Opaluma rupaul

Scientific classification
- Kingdom: Animalia
- Phylum: Arthropoda
- Clade: Pancrustacea
- Class: Insecta
- Order: Diptera
- Family: Stratiomyidae
- Subfamily: Antissinae
- Genus: Opaluma
- Species: O. rupaul
- Binomial name: Opaluma rupaul Lessard & Woodley, 2020

= Opaluma rupaul =

- Genus: Opaluma
- Species: rupaul
- Authority: Lessard & Woodley, 2020

Australian species of soldier fly named for drag queen RuPaul

Opaluma rupaul is a species of Australian soldier fly, first described in 2020. Specimens of O. rupaul had been previously collected but left unstudied and were misidentified as belonging to the genus Lecomyia.

==Description==
O. rupaul is between 6 and 9 mm in length, with the males between 8 and 9 mm and females between 6 and 8 mm.
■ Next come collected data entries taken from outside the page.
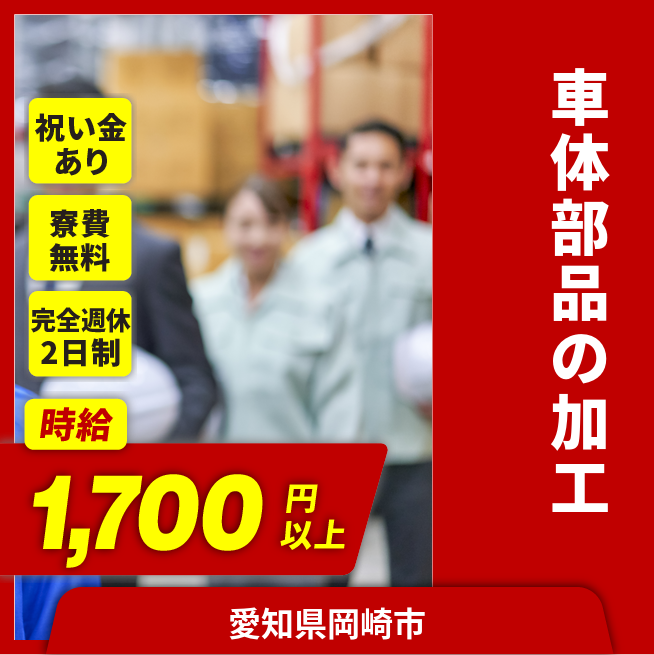 給与例は概算での計算となります。※実際と異なるケースもございます。 交通費 支給あり 応募の流れ 本ページ内<応募する>ボタンより、必要項目をご入力の上、ご応募ください。 勤務地 【勤務地】愛知県岡崎市- 勤務時間 【勤務地】【勤務時間】
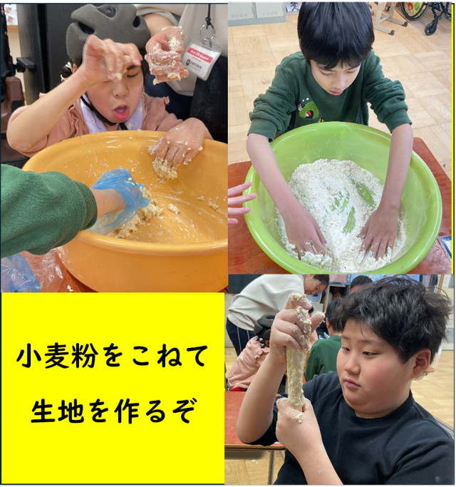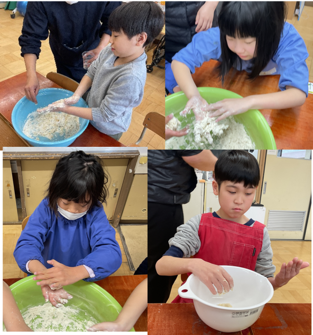 初めはさらさらとしていた小麦粉も、水を加えていくにつれて少しずつ質感が変わり、子どもたちはその変化を手のひらで確かめながら丁寧にこね進めていました。
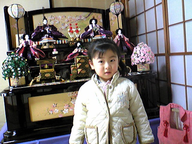 ってことで、 シィ と一緒に 母屋の座敷に おひなさまを出しました。
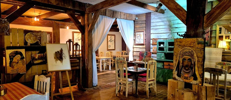 Na gelukkig slechts een paar door de Navi geforceerde kilometers over de snelweg lunchen we langs de binnenroute in het rustieke mooi aangeklede restaurant Austeria. Marjos kiest voor de Babka Zemniaczana, aardappelcake met paddestoelensaus en ik voor Pierogi Swarkami, dumplings gevuld met aardappelen, kwark en bestrooid met gebakken ui en bacon.
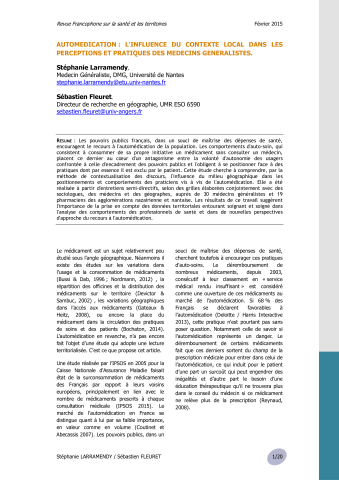 Stephanie Larramendy, Sébastien Fleuret. Automédication : l’influence du contexte local dans les perceptions et pratiques des médecins généralistes. Revue francophone sur la santé et les territoires, hypotheses.org, 2015, pp.000. ⟨hal-01187844v2⟩
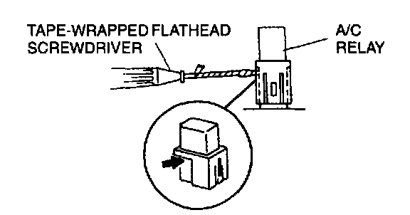 1. Insert a tape-wrapped flathead screwdriver to the A/C relay groove as shown.
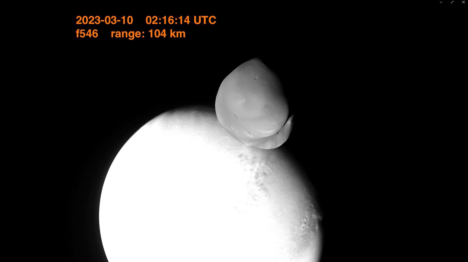 وكشف الفريق العلمي لمشروع الإمارات لاستكشاف المريخ “مسبار الأمل” عن سلسلة من البيانات الجديدة لقمر المريخ الأصغر “ديموس” والتي تم التقاطها باستخدام الأجهزة العلمية الثلاث للمسبار خلال مروره لأقرب نقطة من القمر على مسافة تقارب 100 كيلومتر فقط، والتي تعد الأقرب لمركبة فضائية منذ مهمة “فايكنغ” عام 1977.
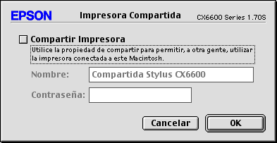 Utilice el ajuste Compartir impresora, una función estándar de Mac OS X 10.2 y posteriores.
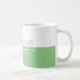 Nice sage (editable colour) and white coffee-mug personalised with name and profession (business administration)
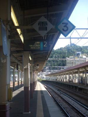 「ツーデーパス」2日目結果的にトンネル駅を2つ見学する旅になりました。行ってみたかったのだ日本一のもぐら駅 土合駅(行程)大宮(6:34発)~上越新幹線とき301号~高崎(6:58着)○朝食は駅弁「祝1000号はっこう弁当」(当の字は旧字)を待合室で(笑)○自由席利用…一座れて良かったから○200系で「ポケモントレイン」でした高崎(7:10発)~上越線 723M~水上(8:13着)○高崎駅で念願の駅弁「朝がゆ」(350円)を入手!!○水上駅はホームを階段経由で移動…でも接続を取るので大丈夫水上(8:21発)~上越線 1731M~土合(8:30着)○土合駅鉄道ファン、登山客で結構下車した(運転本数も少ないし)駅まで車などで来て下りホームを見学する観光客も結構いる426段は大変だ…休み休み上って15分くらいかかったこの写真…とても駅の階段のイメージじゃないでしょ?426段の後に24段の階段が待っていた(泣)下りホームトイレが下りホームにあったのが意外!上りホームは地上駅土合(9:56発)~上越線 1733M~越後湯沢(10:21着)越後湯沢(10:39発)~上越線・北越急行線 快速 3832M~まつだい(11:30着)○北越急行線は、「ゆめぞら2」車両(2はローマ数字)○乗務員と別に社員が乗車。車窓案内をしてくれる。いいサービス!○北越急行線はトンネルだらけ、それを逆手にとっての車内映像サービス○普通列車でも時速110km運転。本当速いと思った。○北越急行線の各駅には開業10周年記念として片岡鶴太郎氏がデザインした駅名表が設置されている○まつだい駅前には前衛的なオブジェがいくつか…ゆっくり見たかったなまつだい(11:55発)~北越急行線 835M~美佐島(12:17着)○「天地人」がラッピングされた車両○美佐島駅・列車が来ないとホームに立ち入れない(乗務員がドア操作しているそう)・ホームへのドア、出口へ向かうドアの2つドアがある・この2つは同時には開かない構造・このホーム前の「待合室」(実際小さい待合室もある)にいると列車通過の前後すごい音がする・ま、この音を体験したかったんだけど(笑)・駅の周りは、ペットの葬祭場以外は見つけられなかった・地上部の駅舎には畳敷きの休憩室がありくつろげる・この休憩室に「ノート」があったので書き込む(笑、土合駅にもあったので書き込んだ(笑))美佐島(13:16発)~北越急行線 837M~六日町(13:26着)○「ゆめぞら2」車両○六日町階段経由の乗り継ぎ…六日町(13:29発)~上越線 1736M~越後湯沢(13:50着)○駅構内「ぽんしゅ館」の日本酒入りの温泉に入る(800円 貸しタオル・バスタオル付)・日本酒入りというけど日本酒の匂いがするわけでなく…(笑)・シャワーを浴槽の方にバシバシ飛ばしてくるガキ少年がいて、けっこう腹立った○越後の酒の有料試飲コーナー(500円で5種類の日本酒が飲める)・コインを入れてボタンを押すと日本酒がでてくる・おちょこ一杯でも5杯飲むと結構酔うもんだね(爆)○お土産を色々購入○駅構内の立ち食いそばで「天地人そば」(500円)を食べた・大根おろし、梅干し、山菜がのっているのが特徴…天地人との関係は?→このそばに限らず天地人関係のグッズなどは色々なとこて見ましたよ→なんだかんだ言って大河ドラマの影響力ってすごいですね…越後湯沢(15:38発)~上越新幹線 Maxとき330号~大宮(16:34着)○自動指定席券売機の側で携帯操作して予約(笑)「ツーデーパス」初日、2日目と新幹線、特急の料金は別として乗車券だけで言ったら・伊豆急行線の伊東~片瀬白田の往復・東武鉄道の地元駅~新越谷の往復のみ追加で支払っただけ。そう考えるとツーデーパス5000円は使いようによってはとても安く広く旅ができるんだなぁ…と実感した旅でした!…さすがに明日はのんびり過ごすぞ(多分・笑)

It can be distinguished from O. sapphira by the green-copper colouration of the scutum and abdomen, white setae on the scutum, longer denticles (bristle structures) on the scutellum, more hyaline (transparent) wings, and differences with the male terminalia.

==Etymology==
The species was named after RuPaul, an American drag queen, which was an "obvious decision" according to Lessard due to its "costume of shiny metallic rainbow colours" which resembles drag costumes. Other species described at the same time were named O. ednae (after fellow drag queen Dame Edna Everage) and O. fabulosa. One of the biologists who described it, CSIRO scientist Bryan Lessard, explained that the choice of name, in addition to honouring RuPaul, aimed to increase interest in the ecological role of invertebrates (which he also cited as a reason for his previously naming Scaptia beyonceae after Beyoncé, and other names drawn by CSIRO from pop culture) and to highlight that the scientific profession is open to LGBTQ people.